Дардарон, не сбавляя шага, на ходу толкнул хлипкую дверь, открыв вид на ещё один большой зал, как тот, наверху, только имеющий несколько иную обстановку. Вместо голых обгоревших стен — выкрашенная чёрным и белым поверхность, вместо деревянной мебели — чучела, набитые соломой, часть из которых — та, что обгорела или поломалась — была свалена в стороне.
В центре большого зала их ждал Гилон, почти полностью облысевший с густыми седыми бровями на лице, облачённый в серую до неприязни безвкусную робу. Он сутулился, но по взгляду и даже наклону голову было видно, что он не позволит себя жалеть.
Маги ничего не сказали друг другу, как будто обо всё договорились заранее, сразу же встали по одну от Старагона сторону, показали ему его место.
— Продемонстрируй, чему ты научился, — сухо и как будто безразлично попросил Дардарон.
Юноша уже привычными действиями создал воздушный щит. Он боялся, что на зло ему в этот раз ничего не получится, но такого, к счастью, не произошло.
Оба мага скривились как по команде.
— Постарайся его увеличить до возможного предела, — наконец заговорил Гилон, и Старагон обнаружил, что у него хрипловатый голос.
Парень увеличил щит до такого размера, когда едва мог удерживать его.
— Мало, — прокомментировал Дардарон. — Ладно, а как насчёт второго заклинания?
Истекающий потом и не жалеющий сил Старагон поднял вторую руку, произнёс слово, повелел воздуху накалиться. Заметив, что щит несколько уменьшился, он постарался не придавать этому значение, продолжил работать с огнём. Язычки пламени пропали, воздух повиновался — получилось.
— Ещё хуже, чем мы предполагали, — сказал Гилон коллеге, и тот кивнул ему. Старагону стало неприятно.
Он убрал заклинания. Дардарон смотрел на него, пристально, взглядом холодным и глубоким, и молчал, что казалось, будто он где-то очень далеко в мыслях. Он смотрел слишком долго. Старагон потупил взгляд.
— Ещё раз. — Наконец приказал учитель, хладнокровно и сухо.
Ученик сомкнул, разомкнул веки, сосредоточился. Попытка вышла ничуть не лучше прошлой.
— Ещё раз. — Повторил Дардарон.
Юноша опустил руки и умственные усилия, сосредоточился ещё раз, снова поставил заклинания, стал удерживать, долго, упорно пытаясь их расширить.
— Ещё раз.
Старагон мотнул головой, с которой слетели несколько крупных капель пота, повторил всё заново. Язычки потухли, жар был больший, чем обычно, но ненамного, щит тоже. Парень напрягался сверх своих способностей, но выходило плохо. Он уже знал, что сейчас услышит:
— Ещё раз.
Голос Дардарона, всё такой же хладнокровный и спокойный, казался теперь мрачным и пугающим, требующим, не терпящим возражений, даже несколько жестоким.

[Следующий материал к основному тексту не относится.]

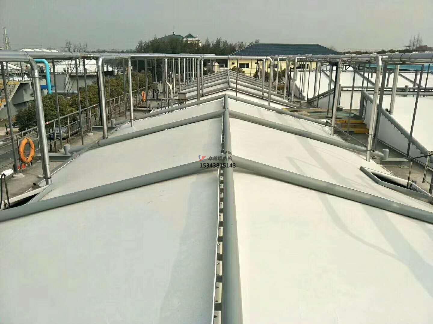 6、膜結構污水池加蓋具有結構牢固、外觀新穎,經濟適用,適用壽命長,節能環保等優點。深受廣大用戶的一致好評,卓越所有工程全部都是通過專業3D3S膜結構軟件計算通過,結構安全,質量可靠。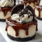 Indulge in these Oreo Chocolate Mini Cheesecakes with a crunchy Oreo crust and a rich, velvety chocolate filling topped with a glossy ganache.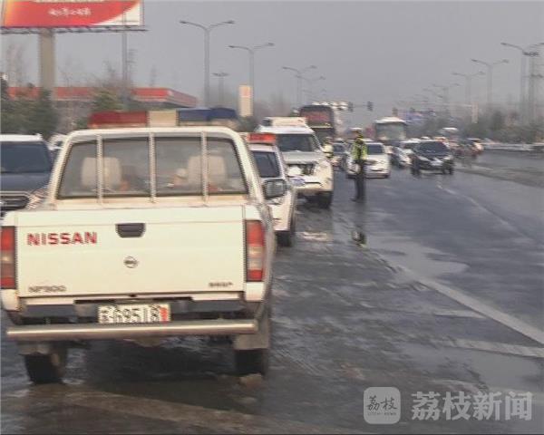 南城公安检查站站长茆长海:“因为昨天下雨,造成路面结冰湿滑。早上我们从8点上班的时候看到路面山有很多车辆积压,我们就一直在这边协助海州三大队指挥交通。”
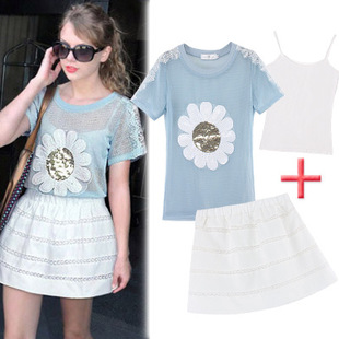 歐洲站夏季女小香風(fēng)圓領(lǐng)套頭網(wǎng)狀亮片短袖T恤+褲裙套裝二件套 /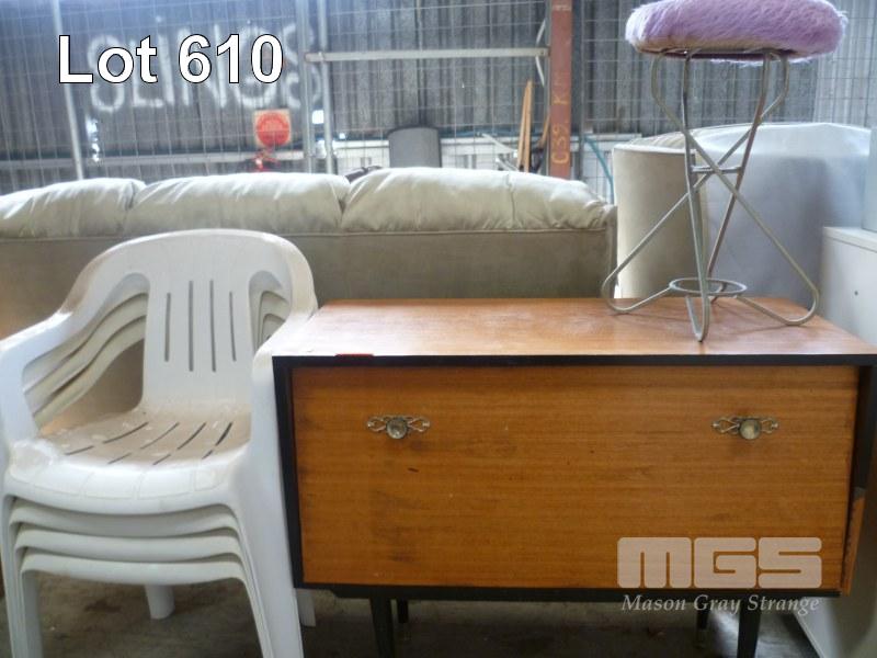 RECORD CABINET & 4 x PLASTIC OUTDOOR CHAIRS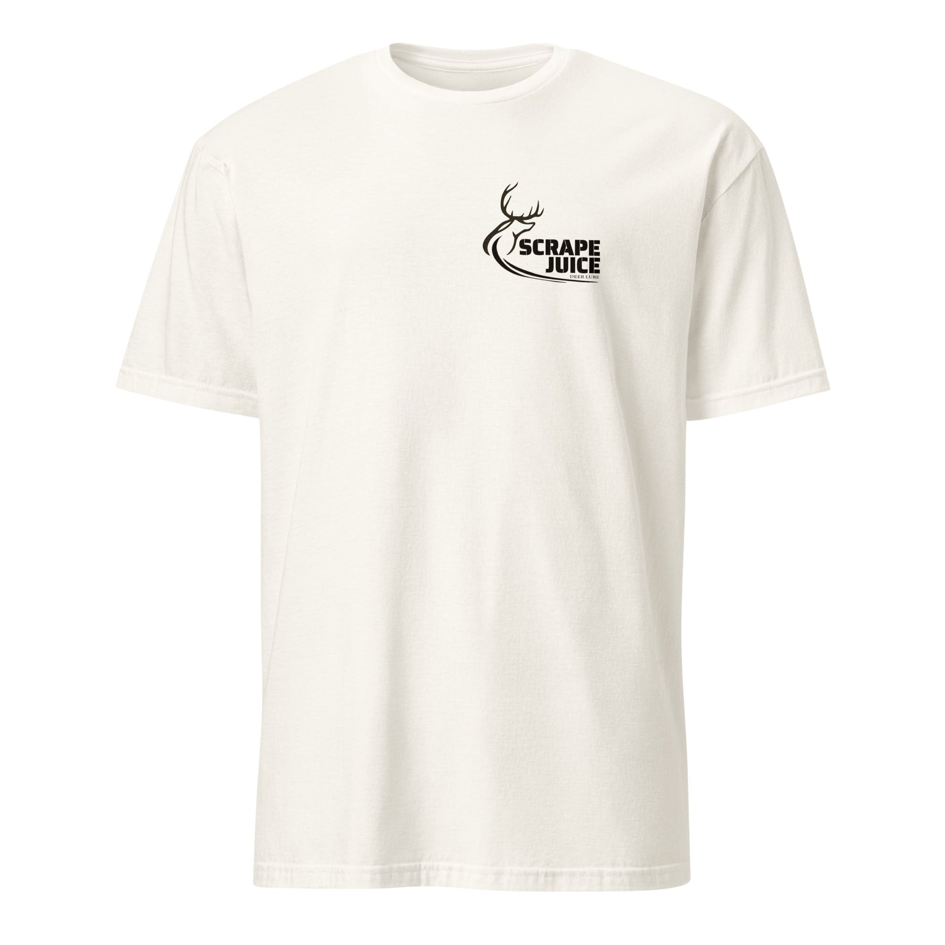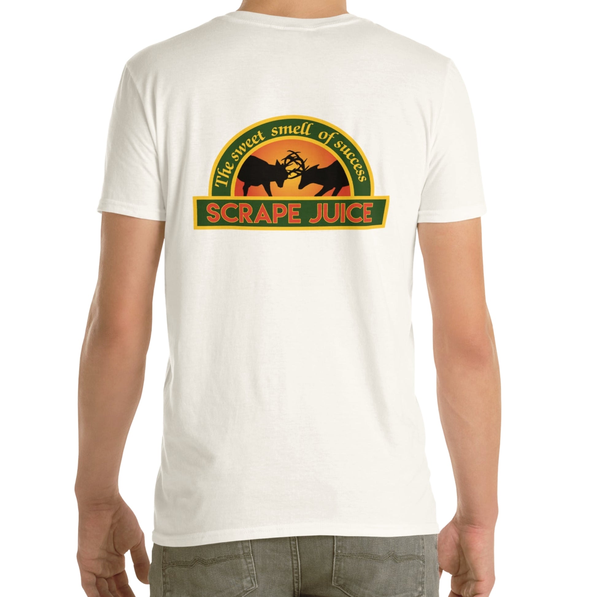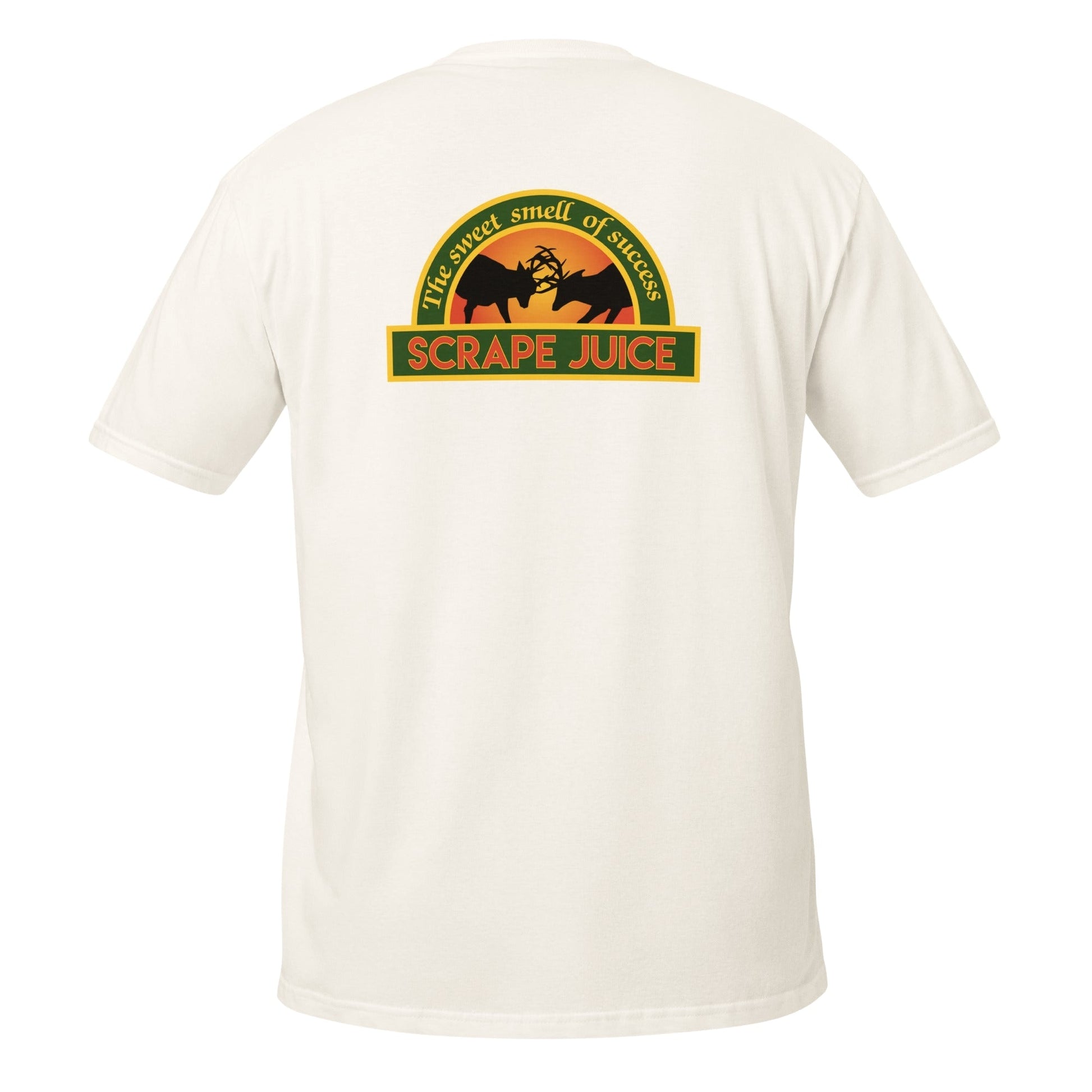 This Scrape Juice T-shirt features our branded logo on the front and a retro colorful design on the back. Made from high-quality materials, this shirt is perfect for showcasing your love for our brand and standing out in style. Show off your unique personality and support our brand with this one-of-a-kind short sleeve T-shirt.

Стерев пот, застилавший глаза, Старагон попытался снова. Перед лицом возникло уже привычное помутнение, за ним виднелось другое — раскалённое. Парень сосредоточился на нём, попытался его усилить, расширить, продвинуть вперёд, в сторону танцующей изгибами стены, к чучелам, набитым соломой, которые едва были видны из-за туманности заклинаний. Невесть чем молодой волшебник почувствовал, что воздух начинает подчиняться его велению, раскалённая пустота двигается вперёд, медленно, но уверенно. Но вместе с тем щит пропадает. Старагон почувствовал это за секунду до его полного исчезновения и едва успел убрать Tare. Жар лишь слегка обдал его, почти не вызывая ощущений. Тело было и без того вспотевшим и нагретым.
— Ещё раз. — Сказал Дардарон.
— Я не могу, — простонал парень, сам того не ожидая. Казалось, его волосы вот-вот стекут с головы вместе с потом.
Взгляд учителя не изменился.
— Тогда смоги, — сказал он так спокойно и как бы безразлично, что Старагону стало страшно, и очередная попытка поставить заклинания показалась ему успокоительным избавлением.
К сожалению ничего большего, чем скромный небольшой щит и лёгкое воспламенение за ним, у него не вышло.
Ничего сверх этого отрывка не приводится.